* [DATA SECTION]
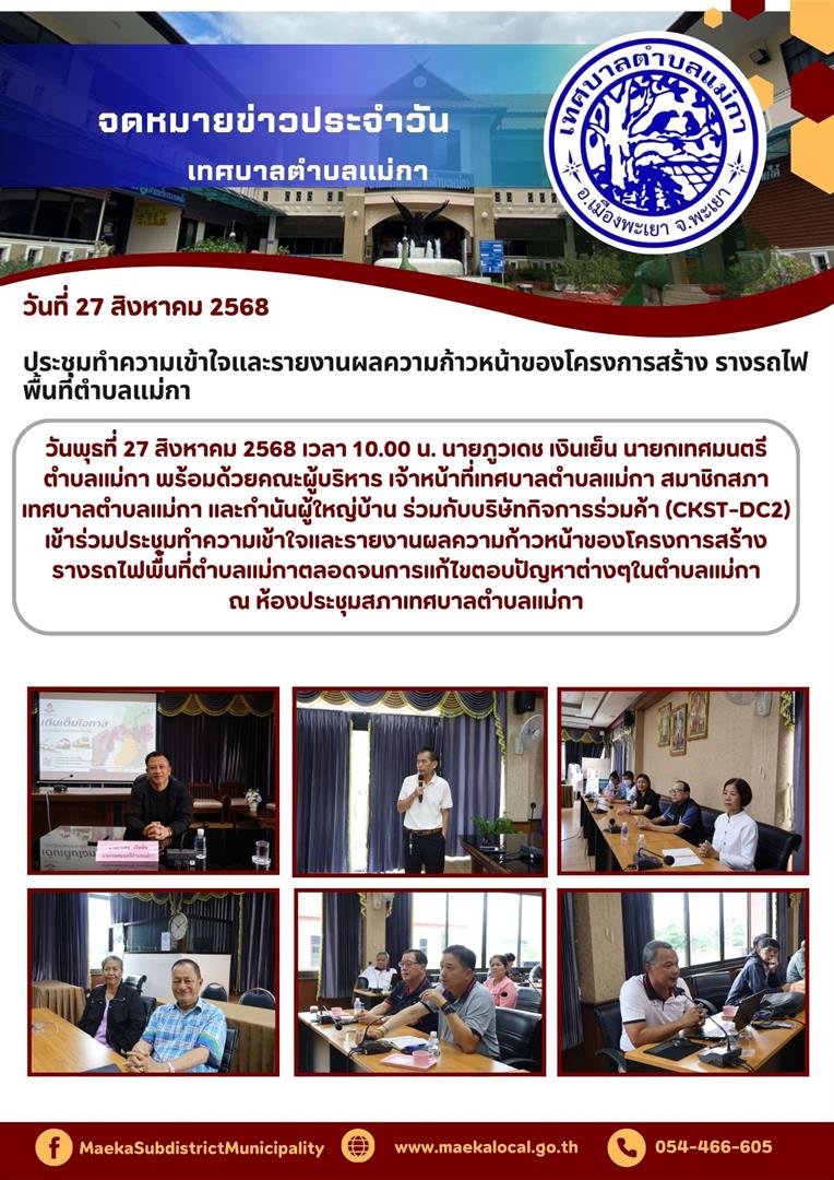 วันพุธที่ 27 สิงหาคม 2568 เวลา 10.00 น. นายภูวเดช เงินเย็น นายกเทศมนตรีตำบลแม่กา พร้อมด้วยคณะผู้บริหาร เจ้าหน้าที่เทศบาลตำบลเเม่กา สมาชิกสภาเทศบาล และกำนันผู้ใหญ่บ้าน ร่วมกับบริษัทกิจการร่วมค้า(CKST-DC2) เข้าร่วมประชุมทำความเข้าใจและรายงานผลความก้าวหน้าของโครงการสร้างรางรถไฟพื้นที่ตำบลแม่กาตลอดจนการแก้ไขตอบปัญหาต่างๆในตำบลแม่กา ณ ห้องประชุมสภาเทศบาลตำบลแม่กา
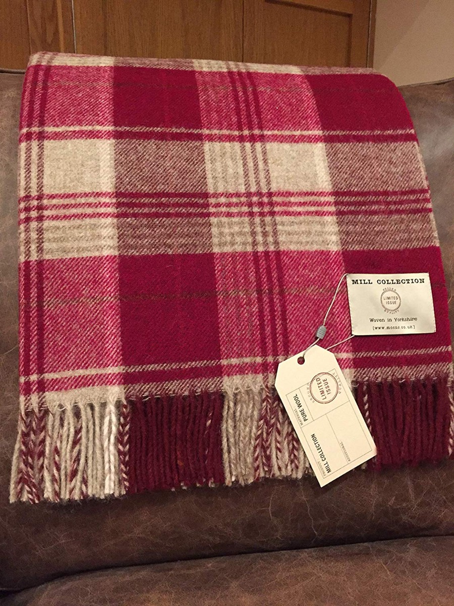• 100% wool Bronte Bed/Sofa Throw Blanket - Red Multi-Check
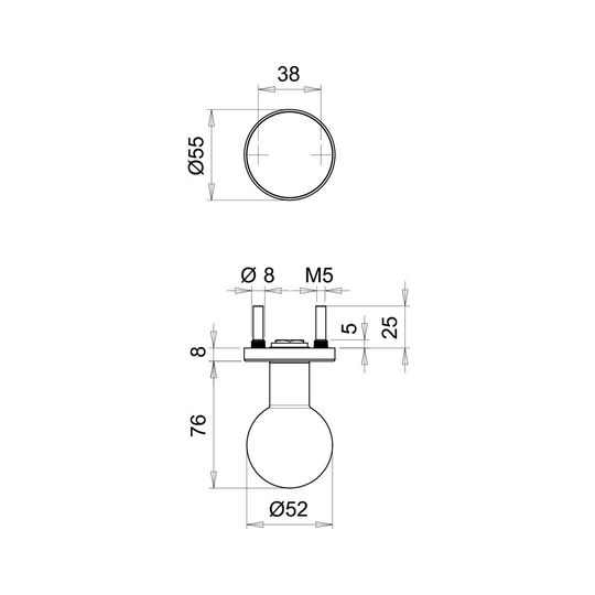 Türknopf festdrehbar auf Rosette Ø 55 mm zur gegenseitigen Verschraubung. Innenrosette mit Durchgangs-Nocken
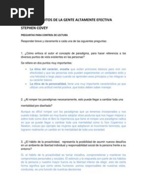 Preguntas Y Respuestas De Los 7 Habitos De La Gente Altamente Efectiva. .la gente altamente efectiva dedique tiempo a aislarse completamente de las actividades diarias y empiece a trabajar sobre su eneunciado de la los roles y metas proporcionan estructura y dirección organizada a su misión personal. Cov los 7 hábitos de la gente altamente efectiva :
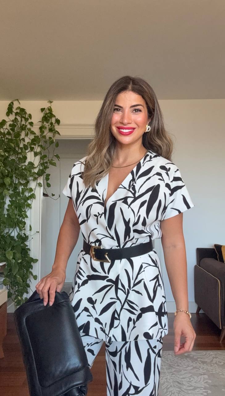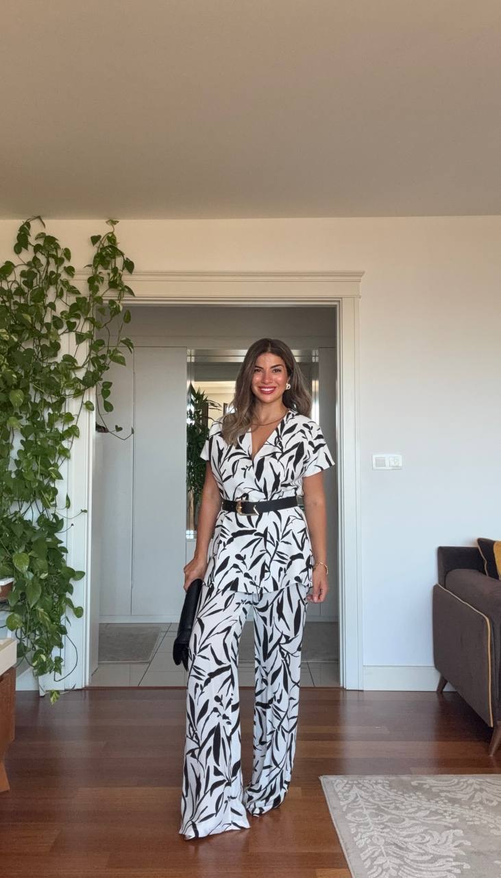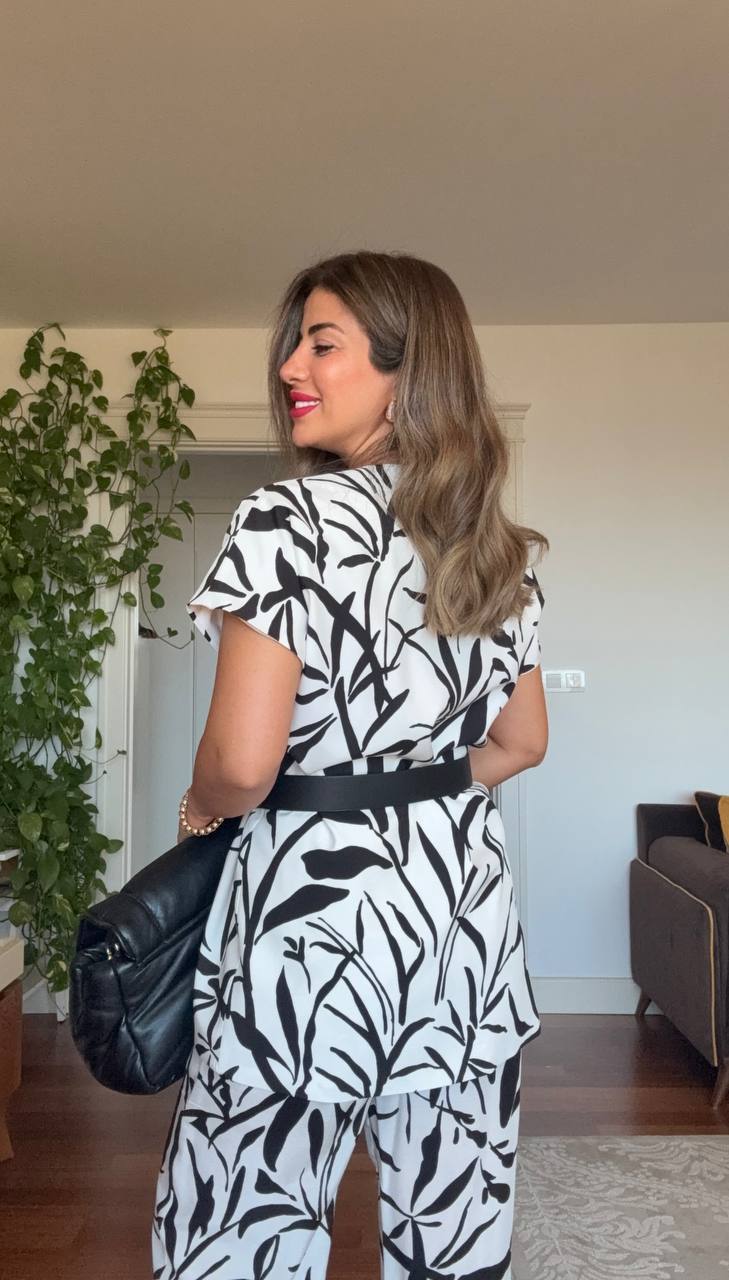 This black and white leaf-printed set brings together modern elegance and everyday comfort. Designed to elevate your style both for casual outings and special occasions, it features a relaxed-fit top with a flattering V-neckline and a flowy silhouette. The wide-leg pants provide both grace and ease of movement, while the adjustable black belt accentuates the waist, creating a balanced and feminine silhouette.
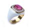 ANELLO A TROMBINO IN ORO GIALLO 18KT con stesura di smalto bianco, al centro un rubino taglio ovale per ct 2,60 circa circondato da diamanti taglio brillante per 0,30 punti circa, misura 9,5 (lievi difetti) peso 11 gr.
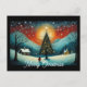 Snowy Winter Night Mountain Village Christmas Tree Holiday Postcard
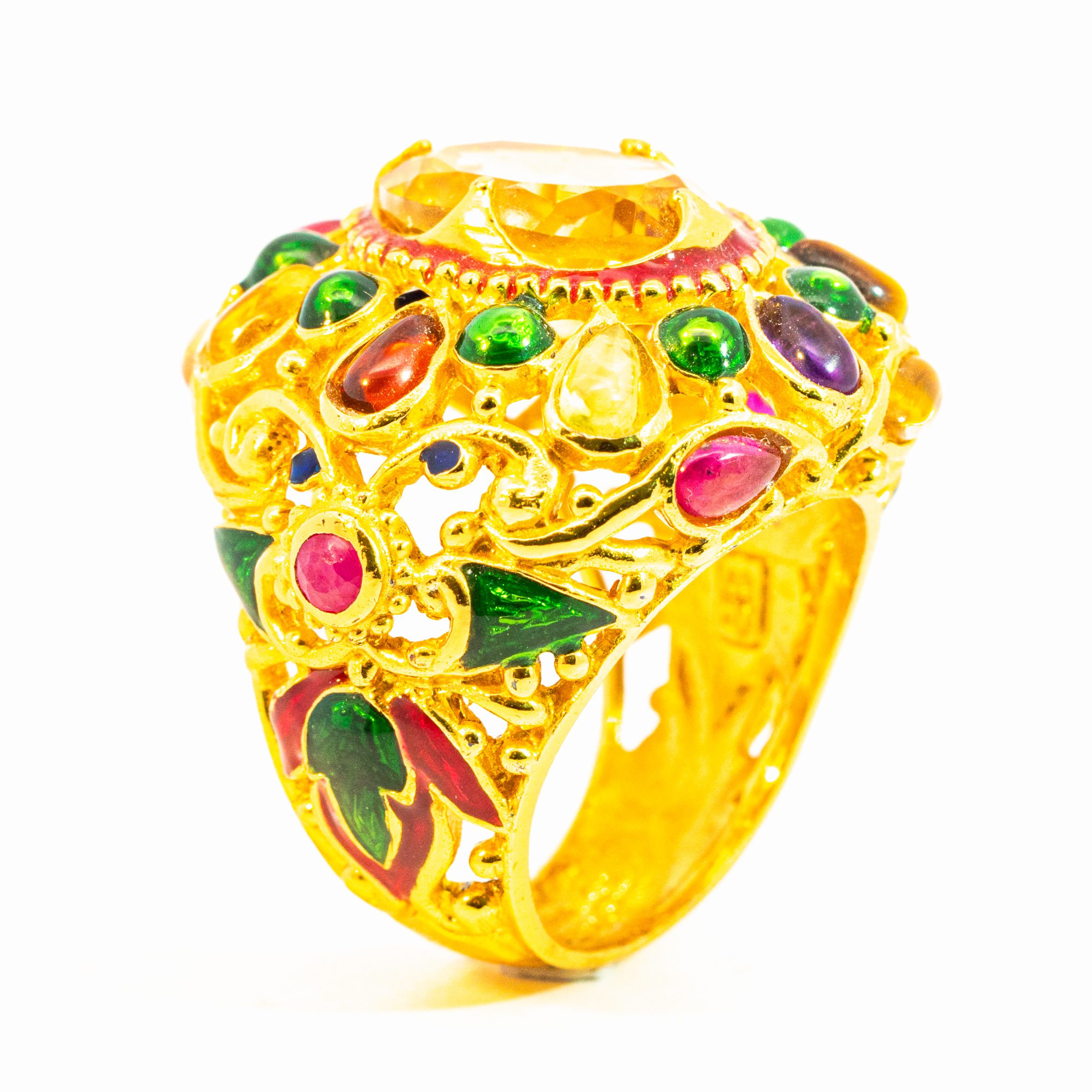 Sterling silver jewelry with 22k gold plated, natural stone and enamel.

* [EXERCISE OBJECTIVE]
Quote verbatim every line starting at the line that contains "Snowy Winter Night" and ending with the last line of the records; omit all pictures.

* [SOLUTION TO THIS TASK]
 Snowy Winter Night Mountain Village Christmas Tree Holiday Postcard
 Sterling silver jewelry with 22k gold plated, natural stone and enamel.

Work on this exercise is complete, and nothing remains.